Before I get into lessons learned and all that, passport privilege is real. When I visited Glasgow a few months ago, I almost headed into the longer line snaking out of the entryway, and then glanced at the conspicuously shorter US/Canada line that did not require a visa of its passport holders. For such dignities, I’m grateful.
As an unabashed admirer of the West, words come easy when thinking about the exceptionalism, cultural assimilation, superior institutional standards, and meritocracy of these lands. So it gives me no pleasure to note (still as a relative outsider) the rapid deterioration of the West, almost entirely self-inflicted, and feel powerless when many have no cognizance of it.
- Rejection of what makes the West great: The US is still more religious relative to other Western countries that have long abandoned the vestiges of their great faith which shaped, particularly in England, their identity, judicial system derived from Biblical case law, and conscientious application of justice, often at great cost. Historian Tom Holland, author of Dominion, says, “People in the West, even those who may imagine that they have emancipated themselves from Christian belief, in fact, are shot through with Christian assumptions about almost everything.. All of us in the West are a goldfish, and the water that we swim in is Christianity, by which I don’t necessarily mean the confessional form of the faith, but, rather, considered as an entire civilisation.”
Having discarded and now openly hostile to faith, citizens’ natural spiritual impulses are now recklessly attempted to be satisfied with nihilistic, self-mutilating activism.
2. The ‘no work is mean’ attitude: Coming from a highly classist society, I frequently reflected on the dignity rendered to all tasks and jobs, and found it moving in all my travels to the West. Man being made in the image of God, must surely, have been the underlying ‘assumption’, and its weight can sometimes be deeply appreciated, only through its contrast.
I loved my life in Mumbai and miss the hustle and hospitality of people there, but markers of distinct socio-economic layers ran across society. It was unspoken in many occurrences, overt in others, but there were parallel societal clusters who mingled but didn’t merge.
3. The inability to hash out differences: This one is a bit of a head-scratcher. I was an admirer of public discourse in the West, and viewed the rancorous interaction between politicians and reporters, even the onerous hair-splitting over policy matters, as proof of a transparent society that greatly valued individual liberties, consent of the governed, and a robust commitment to free speech. Increasingly, however, even highly accomplished and educated men and women, who should have been steeped in these values prefer confining themselves to their in-groups, will tolerate no threat to their worldview, and retreat at the first sign of conflict.
Instead of engaging with another viewpoint, being open to conviction, and willingly entreating opportunities for growth.
Sadly, professing Christians have not exemplified the standard. How evident was this during the lockdown years of 2020–21. Francis Collins, the then NIH Director, whom I admired fresh out of my Biotech Masters program as an example of a public witness to the critical and ethical thinking encouraged by Christianity, as applied to science, failed to reason together with those who consistently provided clear-eyed dissent.

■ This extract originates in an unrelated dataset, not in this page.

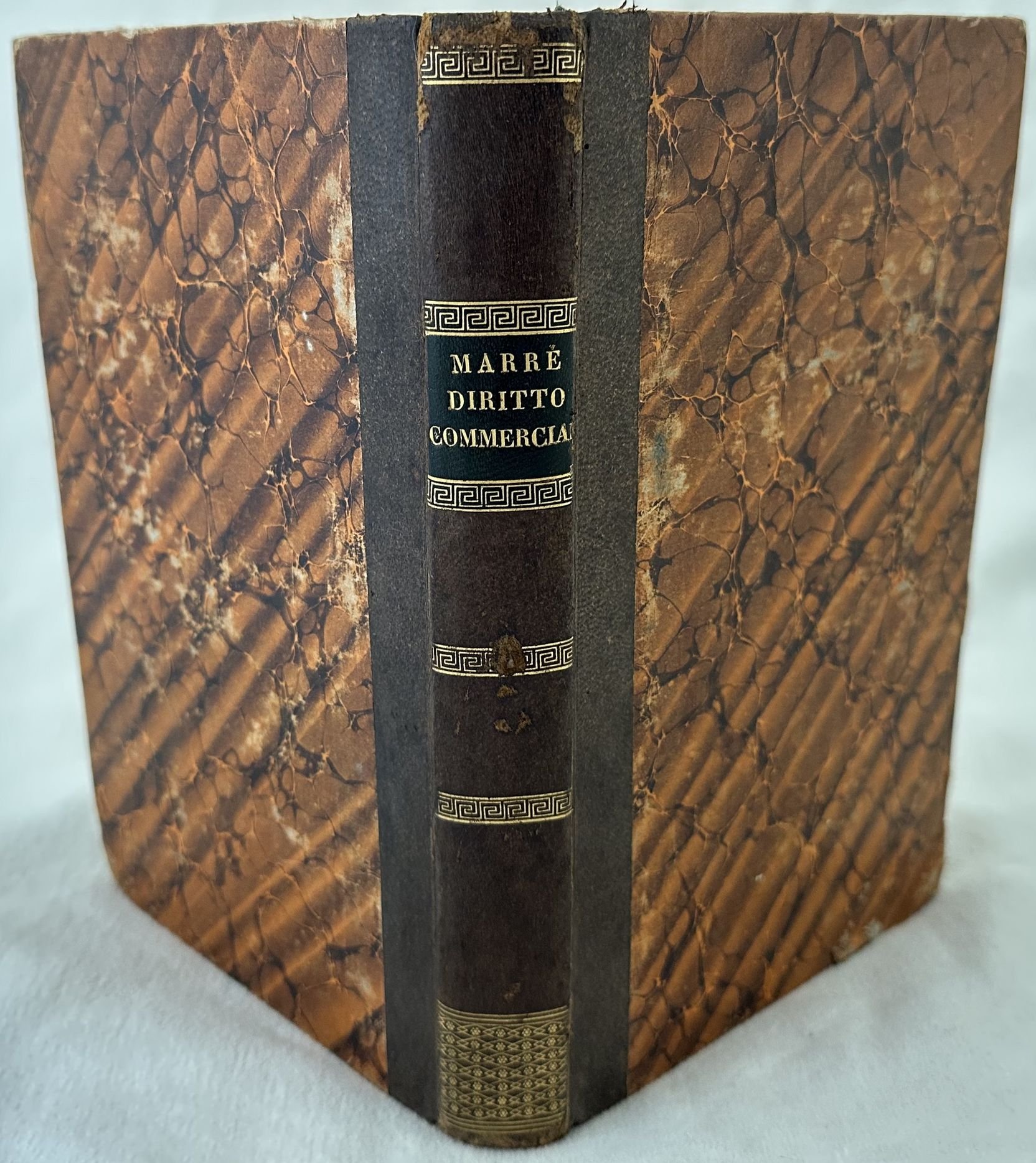 Edizione del 1840 di questo manuale di diritto commerciale scritto dall'Avvocato Gaetano Marrè professore di diritto commerciale nella Regia Università di Genova. All'interno: Commercio in generale, Libri di commercio, Società di commercio, separazione dei beni, lettere di cambio, Del diritto commerciale marittimo, Dei fallimenti, Giurisdizione commerciale ecc. In ottime condizioni. Copertina in mezza pelle con titolo in oro su tassello al dorso in buone condizioni con usure. Legatura in buone condizioni. Pagine in buone condizioni generali con fioriture. In 8. Dim. 23,5x15 cm. Pp. 374.Edition of 1840 of this manual of trade right written by the lawyer Gaetano Marrè teacher of commercial right in the Regia Università di Genova. inside: Commercio in generale, Libri di commercio, Società di commercio, separazione dei beni, letetre di cambio, Del diritto commerciale marittimo, Dei fallimenti, Giurisdizione commerciale ecc. In very good conditions. Half leather cover with gilted title in the spine in good conditions lightly worn in the extremities. Binding in good general conditions. Inside pages are in good conditions with foxing. In 8. Dim. 23,5x15 cm. Pp. 374.<BR>

4. The rise in lawlessness: Growing up in Mumbai, no matter where I went, my head (or is it neck) was on a swivel. I could not let my guard down, and I mostly looked forward to my US trips because I did not need to be scanning all directions, all the time. Women in the West come and go as they please, and have no sense of the queasy unease or the stomach pit when you have to push past lecherous hordes with their obscene gaze.
When ‘Defund the Police’ spread to Toronto, it was truly chilling and each time I walk past or read about locked merch, shuttered stores, needles and syringes, bus shelters taken over by tents, the alarming rate of suicidality, pro-Hamas intifada chanters, and violent offenders released after their 49th strike, I feel a soul-sickness looking on at the destruction of the last-standing bastion.
5. The reek of death: Perhaps, best symbolized by the wafting smell of weed as one drives downtown. Medical Assistance in Dying (MAID) according to an Oct 2023 Health Canada report* constituted 4.1% of all deaths in Canada in 2022, having grown by 30% over PY. The law is set to expand access to MAID for mental illness even if it’s the sole condition.
A culture of degrowth, decline, and death — how can it enjoin God to keep our land ‘glorious and free’?
6. The veneer of relationships: Much ink has been spilled lamenting the loss of friendships, increase in loneliness, and a perpetually online presence. Going from doing life with a community where people dropped in uninvited because they were in the area (they were not), were lavish with their time, and made it their business to know all about yours — the barren formality, revelling in its ‘niceness’ was a huge adjustment.
I’ve met genuinely well-meaning and compassionate people here, and experienced the kindness of strangers. It made overnight transition to a country, alone and with few connections, worthwhile. And so from within these fair lands, I hold out hope for a one — conscientious, chivalrous, with the ability and desire to hold conversations, even difficult ones, in person, and who rejecting the lull of the false bravado offered by the dating app culture, steps up to the plate.
Until the day that ‘swords are beaten into ploughshares, and spears into pruning hooks’, may the West be salt and light, a city set on a hill, and a respite in the storm.